Why women like dark triad 

- Because they persue
- Because they have power 
- Because most of them are strong
- Because she finds it interesting
- Because masculine traits


The best it to have a mix of it, the best of the two worlds.


----------



## Deleted member 6723 (Sep 30, 2020)

Dark triad is best bro. Take the Richard ramirez pill. If he didn't murder/rape people women wouldn’t find him that attractive as he is now.


----------



## Patient A (Sep 30, 2020)

Proex said:


> Dark triad is best bro. Take the Richard ramirez pill.

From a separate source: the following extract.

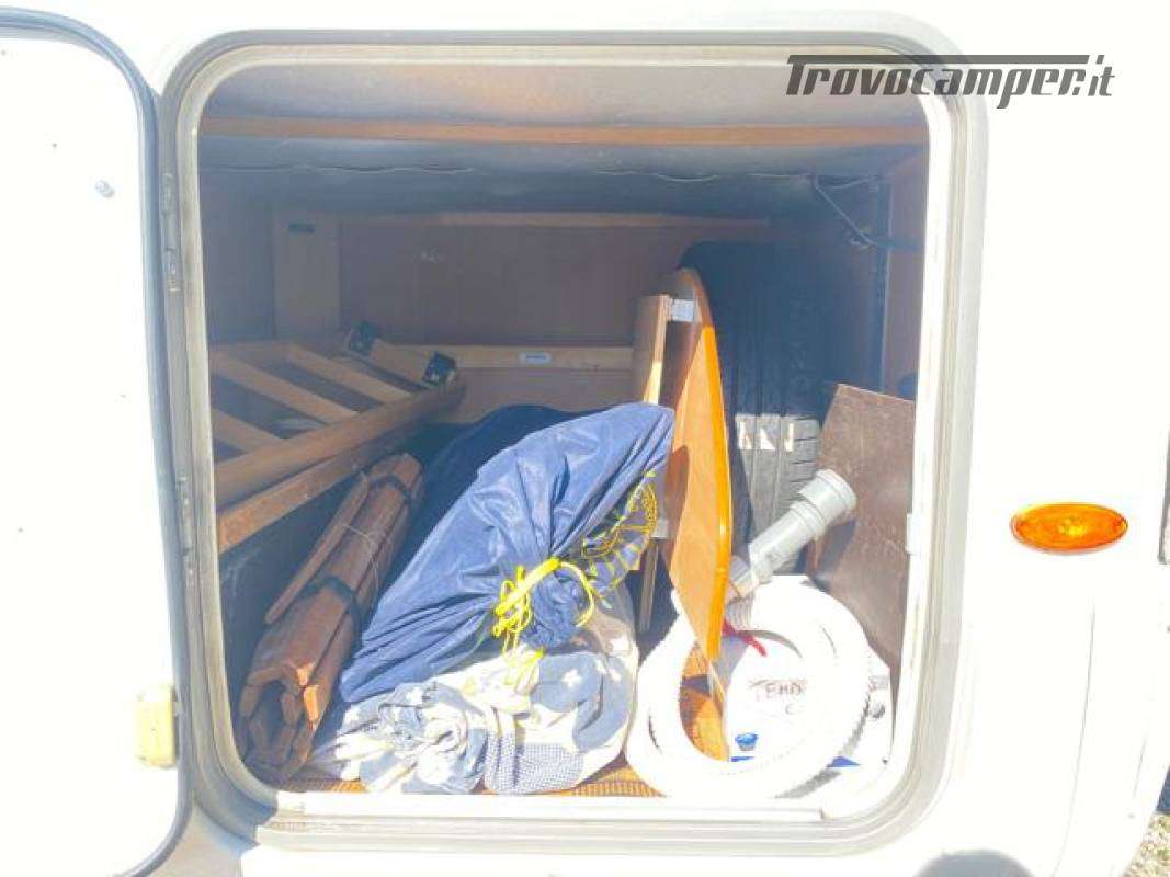letto alla francese longitudinale posteriore con vano garage sottostante, perfetto per stivare tutto l'occorrente.
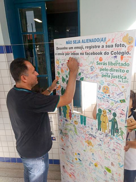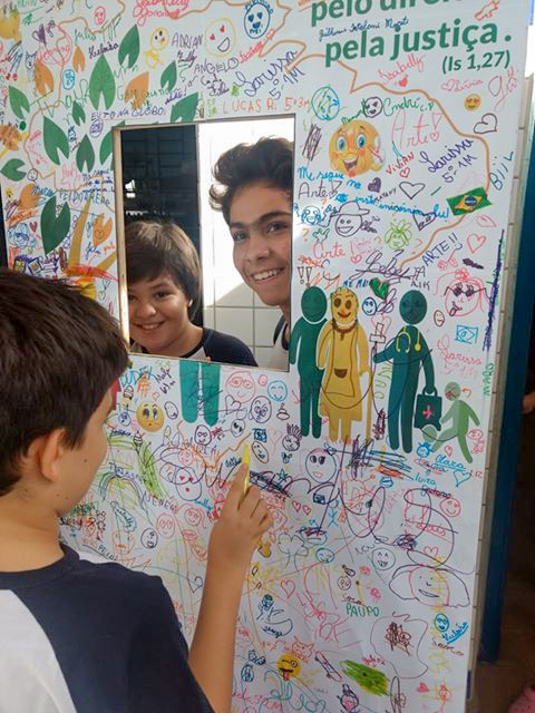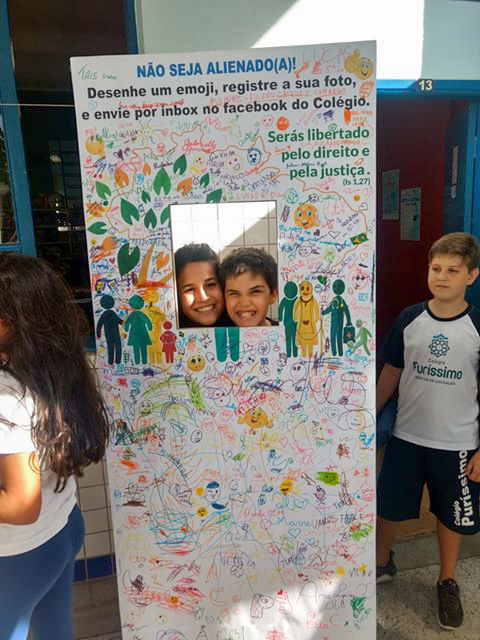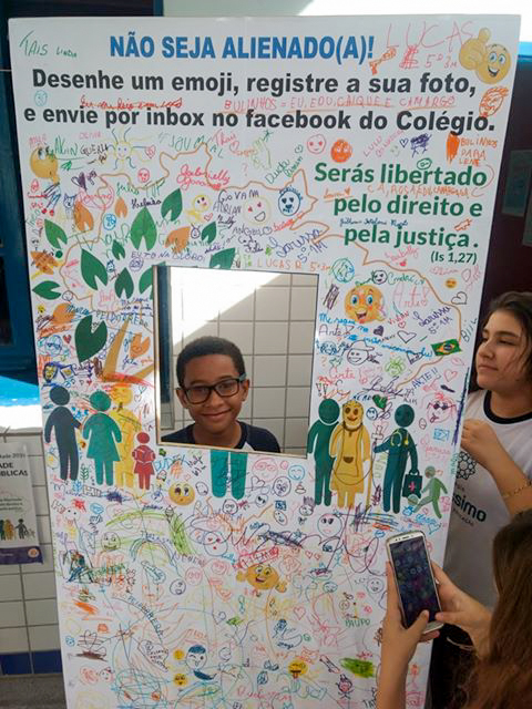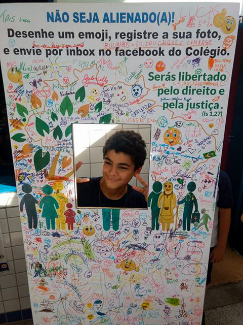 Durante as aulas de artes, a professora Eliana Butolo, junto com os alunos, criaram uma instalação com o tema da Campanha da Fraternidade 2019 “Fraternidade e Políticas Públicas”. Os alunos se envolveram com o projeto e nos enviaram algumas fotos. Confiram!

If he didn't murder/rape people women wouldn’t find him that attractive as he is now.


U dumb af kys


----------



## some1h0peless (Sep 30, 2020)




----------



## SadnessWYJ (Sep 30, 2020)




----------



## Deleted member 6789 (Sep 30, 2020)

Ugly and nice = pushover 
Ugly dark triad = creepy asshole 

Chad and nice = caring sensitive guy
Chad dark triad = bad boy mysterious


----------



## Patient A (Sep 30, 2020)

[USER=7789]@some1h0peless[/USER] said:


>


----------



## JustAFewMM (Sep 30, 2020)

Agree, tom Hardy Pill


----------



## TheEndHasNoEnd (Sep 30, 2020)

OhWellMaxing said:


> Peanutskull and nice = pushover
> Peanutskull dark triad = creepy asshole
> 
> Big skull and nice = caring sensitive guy
> Big skull dark triad = bad boy mysterious


----------



## Hollywood (Sep 30, 2020)

Nah


----------



## recessed (Sep 30, 2020)

juliencentral said:


> It's not dark triad is the best, or nice guy is the best. The best in life is a mix between it, especially in women attraction.
> 
> In women attraction you have to excite opposite emotions. You don't want to be that boring guy that always is the same. The mix of dark triad and nice guy makes you the most attractive.
> 
> ...


the mix between having a good-looking and tall personality is best for attracting foids imo


----------



## egoy (Sep 30, 2020)

*Wanna know the truth? Being truly dark triad makes you everything a woman wants

JFL IF YOU THINK DARK TRIAD AREN'T LITERALLY THE NICEST, AKA THE MOST 'CHARMING' PEOPLE YOU'LL EVER MEET

THERE'S NO MIX DARK TRIAD MOGS*


----------



## RAITEIII (Oct 5, 2020)

juliencentral said:


> It's not dark triad is the best, or nice guy is the best. The best in life is a mix between it, especially in women attraction.
> 
> In women attraction you have to excite opposite emotions. You don't want to be that boring guy that always is the same. The mix of dark triad and nice guy makes you the most attractive.
> 
> ...


Yes, balance.


----------



## Deleted member 9919 (Oct 5, 2020)

Overly nice people just seem fake. It's like everyone knows there's that dark part hidden deep inside us. But those who pretend like it doesn't exist are just... I dunno, untrustworthy.


----------



## improover (Oct 5, 2020)

Proex said:


> Dark triad is best bro. Take the Richard ramirez pill. If he didn't murder/rape people women wouldn’t find him that attractive as he is now.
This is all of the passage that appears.